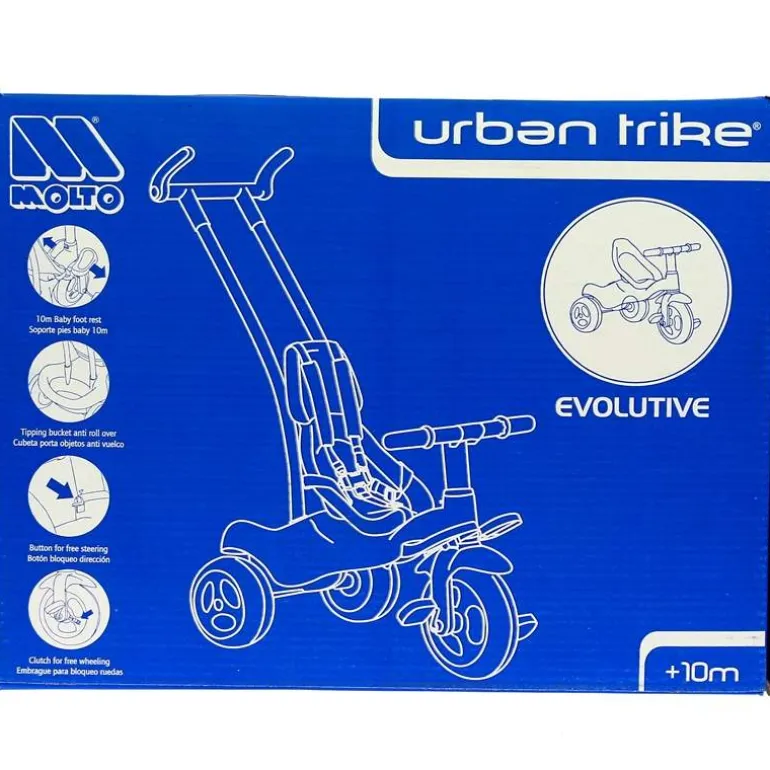 Triciclo evolutivo con un diseño ligero, y un nuevo sistema de conducción SOFT CONTROL que facilita el manejo a los padres. El triciclo cuenta con una estructura metálica resistente, ruedas de goma silenciosas y mango desmontable. Incluye, además, dirección asistida desde el mango, cinturón de seguridad, 1 bolsa para guardar cosita, soporte para pies, 1 arco de seguridad extraíble y pedales antideslizantes. El triciclo evoluciona hasta en 5 formas diferentes dependiendo de las necesidades del niño/a según su edad. Edad recomendada de 10 meses a 3 años.
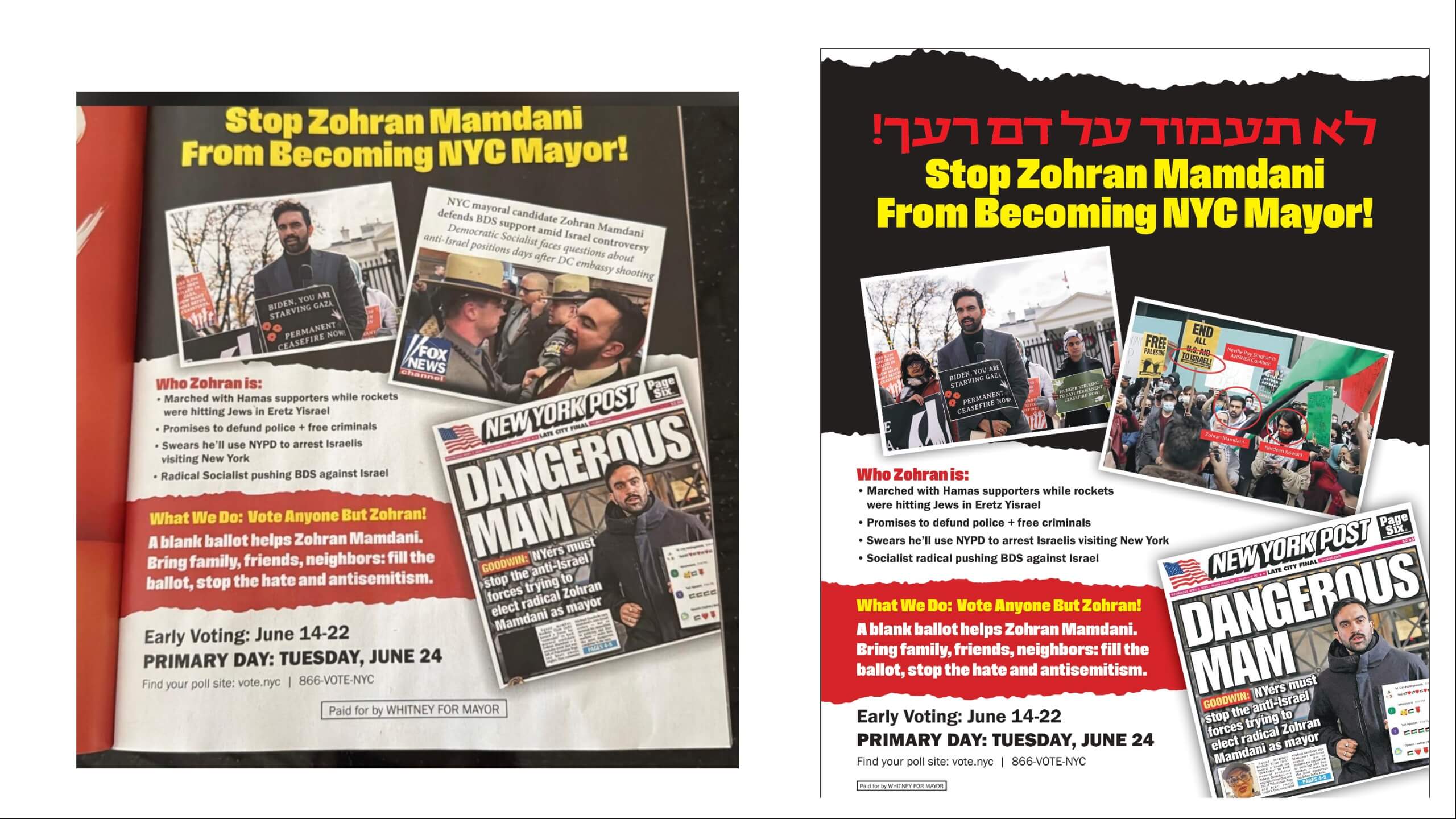 “Vote anyone but Zohran,” the ad says. “A blank ballot helps Zohran Mamdani. Bring family, friends, neighbors: fill the ballot, stop the hate and antisemitism.” A similar ad in the conservative Ami Magazine cites Mamdani’s defense of the BDS movement.
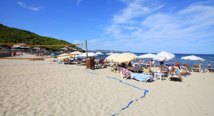 One of the most stunning beaches in the San Antonio vicinity, Cala Comte (Cala Conta) is made up of 3 coves which are some of the best for watching the legendary Ibiza sunsets. The beaches look out on to an archipelago of sensational islands, the sand is Caribbean white and the sea a dazzling shade of turquoise. But head over to the top end of the car park and locate the steps cut out of the cliffs and you will discover a petite cove which is dedicated to the naturist.
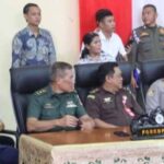 yang mewakili Danyon Brimob Pelopor Inuai Danki 1 AKP ACUK JAINURIN Serta, DanPos-AL LETDA LAUT PM WIJANARKO , yang mewakili Dandim 1303 Bolmong pabung MAYOR. CKE MUSTAFA UMBOH, bersama Asisten III Bidang Administrasi Umum Sekertaris Daerah Ibu Dr. HC RAMLAH MOKODONGAN, S.E., M.Si, bersama
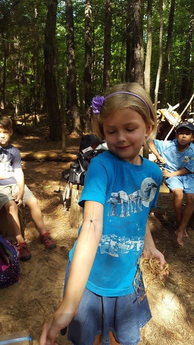 Despite the fact that the creek is tiny and intermittent, we have seen that it supports plenty of wildlife. We find crayfish there often, and we’ve seen toad eggs in the deeper pools! Earlier this week, when we were talking about “creek critters,” our new student, Ramona, commented that "water is still important for animals that don’t live in it", using dragonflies as an example. Other kids were amazed to find out that dragonflies do live underwater for part of their lives. They were even more excited when we explored the creek with dip nets and discovered another insect that starts out in streams: we caught a worm-like young crane fly hiding under leaves.
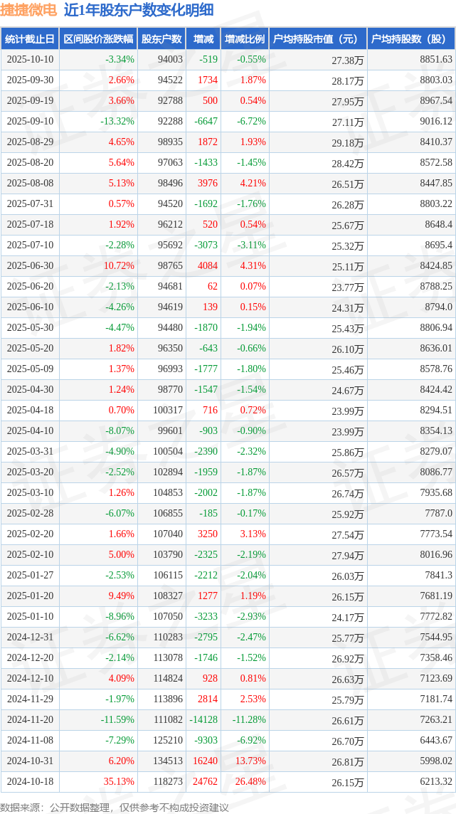 从股价来看,2025年9月30日至2025年10月10日,捷捷微电区间跌幅为3.34%,在此期间股东户数减少519.0户,减幅为0.55%。
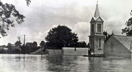 Bayou Sara flooded repeatedly, especially in 1844, 1846, and 1849, despite being surrounded by an earthen ring levee since the late 1820s. In May 1865, the batture area from Tunica Landing to Bayou Sara went under water. In May 1874, most buildings were inundated with from six to 24 inches, while in April 1882, all but two houses were submerged. The floods of 1890 and 1892 surpassed all previous floods in magnitude and scope. Water depths in 1890 ranged from two to seven feet, and not a single dwelling or other structure was spared. In 1892, a break in the bayou levee flooded the town with four to 11 feet of water, which did not drain away for almost a month. Although the town soon constructed new levees, some residents moved to St. Francisville and the safety of the bluffs. The Methodist Church did likewise in 1898.
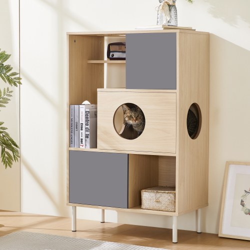 Product Name: 2 IN 1 Modern Cat Tree Bookshelf with Storage, Wood Bookcase with Litter Box Enclosure, Cat Climbing Shelves with Hidden Storage
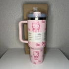 Brand new pink hello kitty engraved 40oz Stanley tumbler A great gift for any hello kitty lover This pink Hello Kitty engraved Stanley tumbler is the perfect addition to any kitchen or bar. With a 40 oz capacity, it keeps your hot or cold beverages at the perfect temperature for up to 7 and 11 hours, respectively. The tumbler is made of durable stainless steel and comes with a lid and straw, making it easy to sip on your favorite drink.
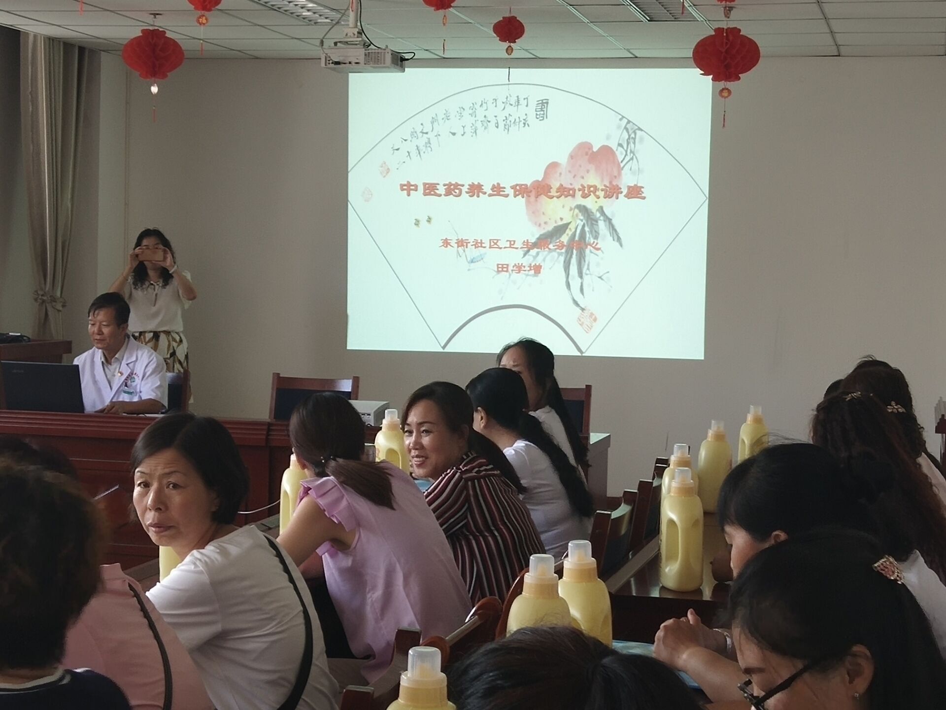健康讲座。邀请卫生服务中心的医生开展中医药养生保健知识讲座,根据“春夏养阳”的原则,利用夏季气温高,机体阳气充沛,体表经络中气血旺盛,腠理开泄的有利时机,理论结合实例为居民讲解冬病夏治的原理,倡导居民群众养成良好的生活和卫生习惯,增强自我保护能力,全面提高健康水平。
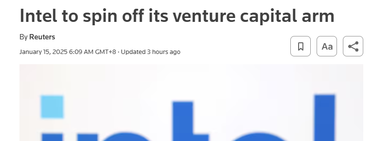 【環球網科技綜合報道】2025年1月15日,據路透社消息,芯片製造商英特爾公司當地時間週二宣佈,計劃將其旗下的風險投資和投資部門——英特爾投資(Intel Capital)分拆為一家獨立公司。
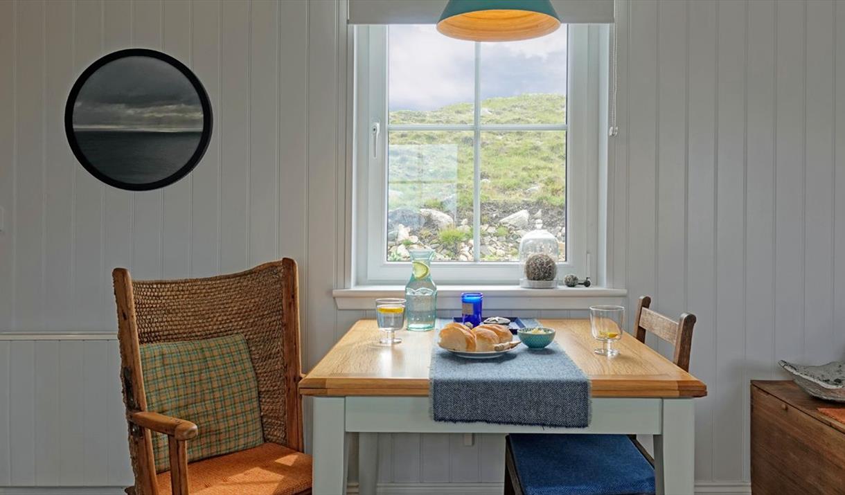 The house also contains some working tools for observation. Close focus binoculars for watching insects, birds and catching glimpses of seals, dolphins, basking sharks and whales, all local to the area. Take one of the field lenses with you on a walk to magnify your finds, revealing the architectural structures of tiny marsh plants or the whorls in a whelk shell. A series of cards detail suggested walks and places to visit during your stay (these relate to a large wall mounted aerial view of the landscape around Mangersta) and include bird-watching locations and what to look out for; the best beach to find auger shells or cowries, and where to find the best boulders. Hona’s bookshelves are stocked with helpful guides to identify wildflowers, coastal finds and geological information, as well as social historical information on the area. After a day of fresh air and exploration you can also buy fresh sea food locally and a well-stocked community grocery or visit Uig Sands for a fine dining experience with a view you’ll not forget.
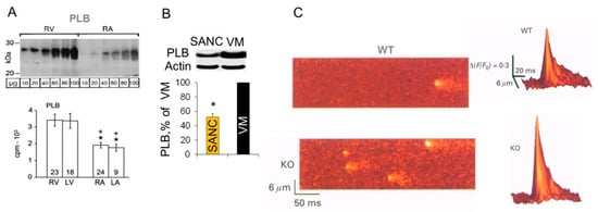 Comparison PLB abundance in SANC and ventricular myocytes. (A) Representative Western blot (top) and average data (bottom) showed that PLB is less expressed in human right (RA) or left (LA) atrium than in right (RV) or left (LV) ventricle (* p < 0.05 vs. RV, + p < 0.05 vs. LV, Bonferroni post hoc ANOVA; modified from Boknık et al. [75]). (B) Representative Western blot (top) and average data (bottom) showed that PLB was less abundant in rabbit SANC than in VM (modified from Sirenko et al. [35]). (C) Confocal line-scan images (left) and surface plots (right) of WT and PLB-KO mouse VM showed that spontaneous Ca2+ sparks were three times more frequent and larger in amplitude in KO cells than that in WT (modified from Santana et al. [99]]). * Indicates statistical significance (p < 0.05).

• _Exercise details_
Pictures stay out. Transcribe the lines from the start of the entries above through the line with "One of the most", exactly.

• _Answer section_
 Triciclo evolutivo con un diseño ligero, y un nuevo sistema de conducción SOFT CONTROL que facilita el manejo a los padres. El triciclo cuenta con una estructura metálica resistente, ruedas de goma silenciosas y mango desmontable. Incluye, además, dirección asistida desde el mango, cinturón de seguridad, 1 bolsa para guardar cosita, soporte para pies, 1 arco de seguridad extraíble y pedales antideslizantes. El triciclo evoluciona hasta en 5 formas diferentes dependiendo de las necesidades del niño/a según su edad. Edad recomendada de 10 meses a 3 años.
 “Vote anyone but Zohran,” the ad says. “A blank ballot helps Zohran Mamdani. Bring family, friends, neighbors: fill the ballot, stop the hate and antisemitism.” A similar ad in the conservative Ami Magazine cites Mamdani’s defense of the BDS movement.
 One of the most stunning beaches in the San Antonio vicinity, Cala Comte (Cala Conta) is made up of 3 coves which are some of the best for watching the legendary Ibiza sunsets. The beaches look out on to an archipelago of sensational islands, the sand is Caribbean white and the sea a dazzling shade of turquoise. But head over to the top end of the car park and locate the steps cut out of the cliffs and you will discover a petite cove which is dedicated to the naturist.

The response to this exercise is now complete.